Note that the algorithm follows the Cormen book. It is actually a proactive insertion algorithm where before going down to a node, we split it if it is full. The advantage of splitting before is, we never traverse a node twice. If we don’t split a node before going down to it and split it only if a new key is inserted (reactive), we may end up traversing all nodes again from leaf to root. This happens in cases when all nodes on the path from the root to leaf are full. So when we come to the leaf node, we split it and move a key up. Moving a key up will cause a split in parent node (because the parent was already full). This cascading effect never happens in this proactive insertion algorithm. There is a disadvantage of this proactive insertion though, we may do unnecessary splits.


Let us understand the algorithm with an example tree of minimum degree ‘t’ as 3 and a sequence of integers 10, 20, 30, 40, 50, 60, 70, 80 and 90 in an initially empty B-Tree.
Initially root is NULL. Let us first insert 10.
Btree1
Let us now insert 20, 30, 40 and 50. They all will be inserted in root because the maximum number of keys a node can accommodate is 2*t – 1 which is 5.
BTree2Ins
Let us now insert 60. Since root node is full, it will first split into two, then 60 will be inserted into the appropriate child.
BTreeIns3
Let us now insert 70 and 80. These new keys will be inserted into the appropriate leaf without any split.
BTreeIns4
Let us now insert 90. This insertion will cause a split. The middle key will go up to the parent.
BTreeIns6



Delete Operation in B-Tree




Deletion process:
Deletion from a B-tree is more complicated than insertion, because we can delete a key from any node-not just a leaf—and when we delete a key from an internal node, we will have to rearrange the node’s children.
    As in insertion, we must make sure the deletion doesn’t violate the B-tree properties. Just as we had to ensure that a node didn’t get too big due to insertion, we must ensure that a node doesn’t get too small during deletion (except that the root is allowed to have fewer than the minimum number t-1 of keys).

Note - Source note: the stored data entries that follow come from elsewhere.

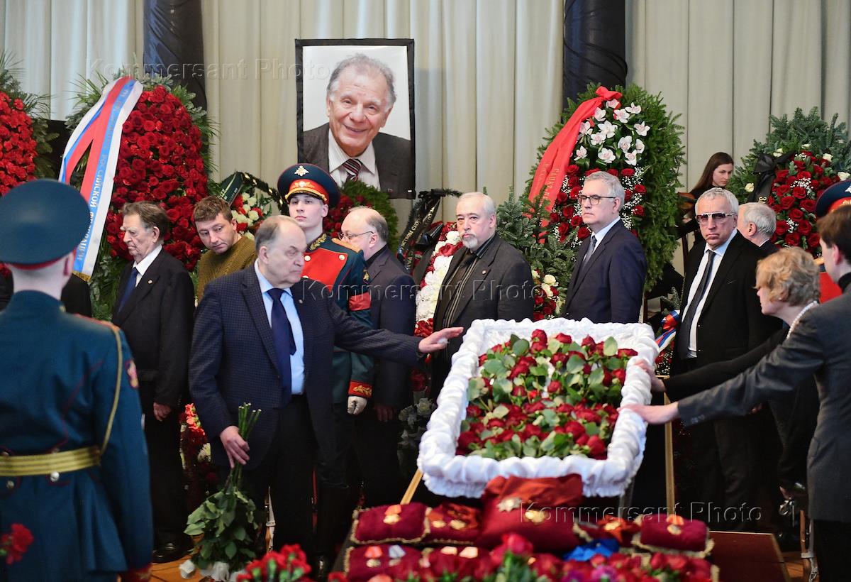 Церемония прощания с членом комитета Государственной думы (ГД) России по образованию и науке, академиком РАН Жоресом Алферовым в Санкт-Петербургском научном центре РАН на Университетской набережной. Первый заместитель председателя комитета ГД России по культуре Владимир Бортко (в центре) на церемонии.
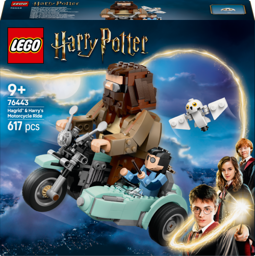 3 postavy LEGO® Harry Potter™ z kostek – Model obsahuje vestavěné pohyblivé figurky Harryho Pottera, Hedviky a Rubeuse Hagrida, kteří jedou na Hagridově létající motorce se sajdkárou
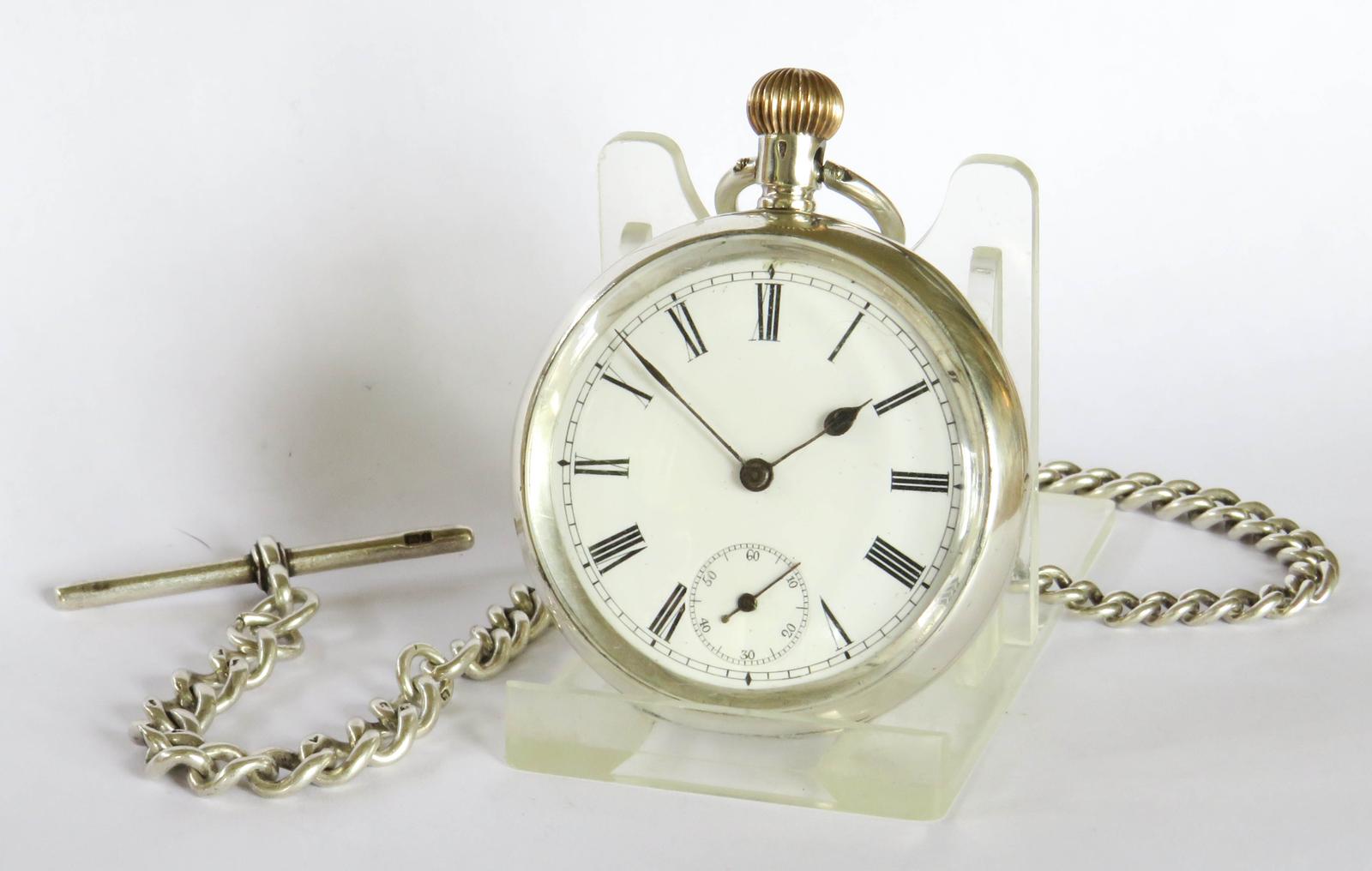 Pocket Watch : Antique Silver Omega Pocket Watch and Chain
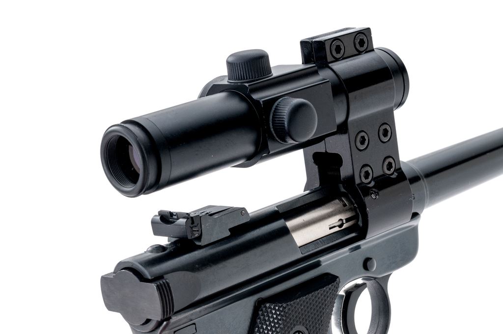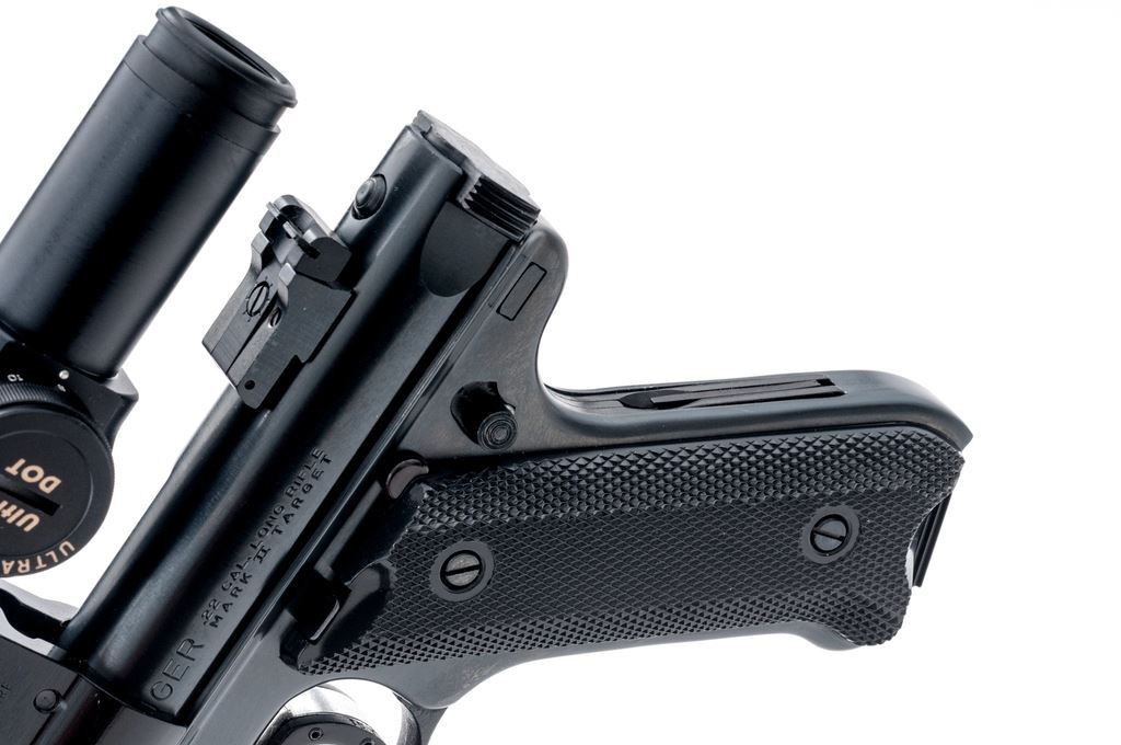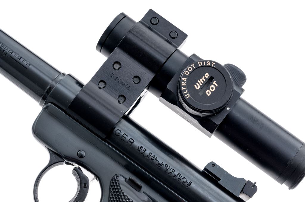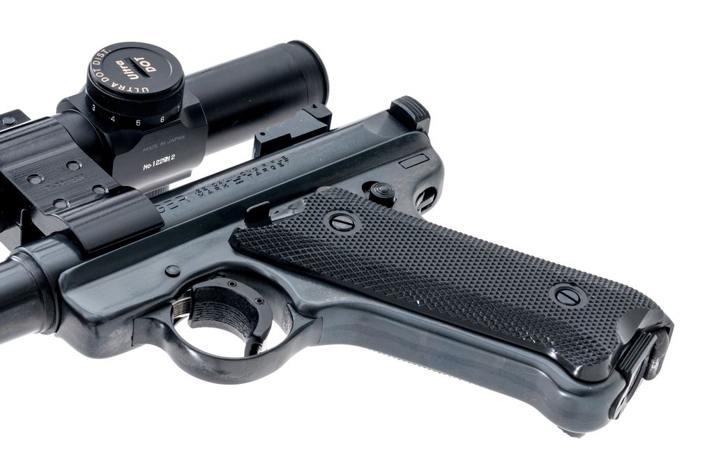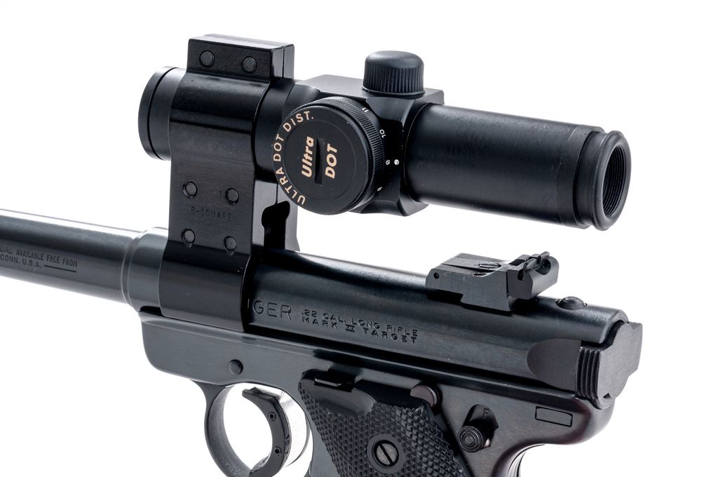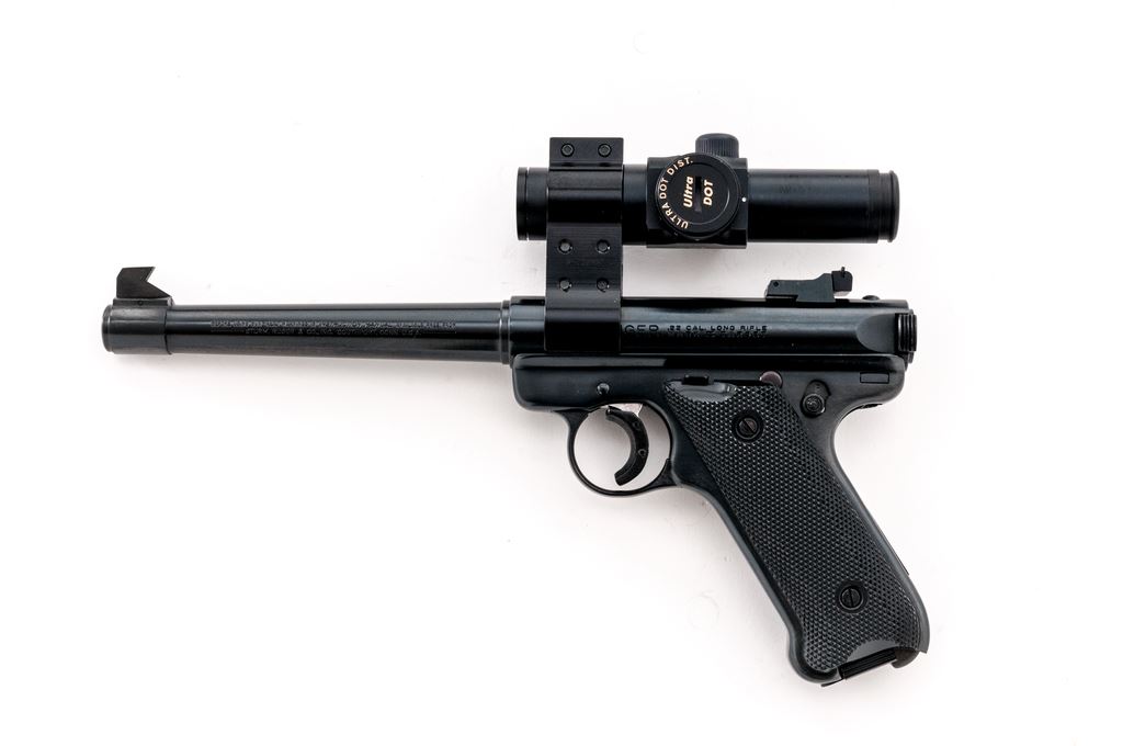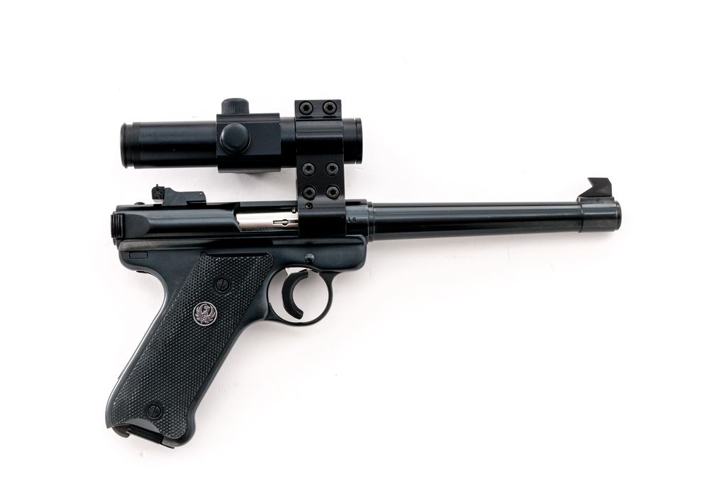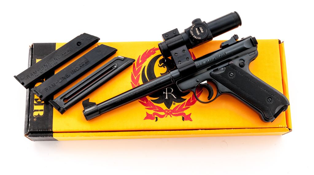 Ruger Mark II Target Semi-Automatic Pistol, #18-66316, .22 LR cal., 6-7/8'' tapered barrel, blue finish, original checkered black plastic grips, added trigger shoe, Patridge front sight and square-notched fully adjustable rear sight. With an added sight base that clamps to the front of the frame, no extra holes were necessary for mounting; topped with a Ultra Dot red dot sight. Included are two (2) 10-rd. Ruger magazines, one NOS that is still sealed in the original packaging; two (2) 12-rd. Ramline magazines; original unnumbered box with correct end label; brown cardboard outer box with firearms information stamped on the end, hand numbered to the gun. Pistol is in excellent overall condition and retains approx. 99%+ factory blue with crisp markings. Grips appear as new with clean, sharp checkering. Action is smooth; bore is mirror bright with excellent rifling. Red dot sight was tested and functions properly. Est.: $400-$600. (Modern/PPT) (High-cap mags not available to Calif. residents.)

Just as a simple insertion algorithm might have to back up if a node on the path to where the key was to be inserted was full, a simple approach to deletion might have to back up if a node (other than the root) along the path to where the key is to be deleted has the minimum number of keys.
    The deletion procedure deletes the key k from the subtree rooted at x. This procedure guarantees that whenever it calls itself recursively on a node x, the number of keys in x is at least the minimum degree t . Note that this condition requires one more key than the minimum required by the usual B-tree conditions, so that sometimes a key may have to be moved into a child node before recursion descends to that child. This strengthened condition allows us to delete a key from the tree in one downward pass without having to “back up” (with one exception, which we’ll explain). You should interpret the following specification for deletion from a B-tree with the understanding that if the root node x ever becomes an internal node having no keys (this situation can occur in cases 2c and 3b then we delete x, and x’s only child x.c1 becomes the new root of the tree, decreasing the height of the tree by one and preserving the property that the root of the tree contains at least one key (unless the tree is empty).
We sketch how deletion works with various cases of deleting keys from a B-tree.
1. If the key k is in node x and x is a leaf, delete the key k from x.
2. If the key k is in node x and x is an internal node, do the following.
    a) If the child y that precedes k in node x has at least t keys, then find the predecessor k0 of k in the sub-tree rooted at y. Recursively delete k0, and replace k by k0 in x. (We can find k0 and delete it in a single downward pass.)
    b) If y has fewer than t keys, then, symmetrically, examine the child z that follows k in node x. If z has at least t keys, then find the successor k0 of k in the subtree rooted at z. Recursively delete k0, and replace k by k0 in x. (We can find k0 and delete it in a single downward pass.)
     c) Otherwise, if both y and z have only t-1 keys, merge k and all of z into y, so that x loses both k and the pointer to z, and y now contains 2t-1 keys. Then free z and recursively delete k from y.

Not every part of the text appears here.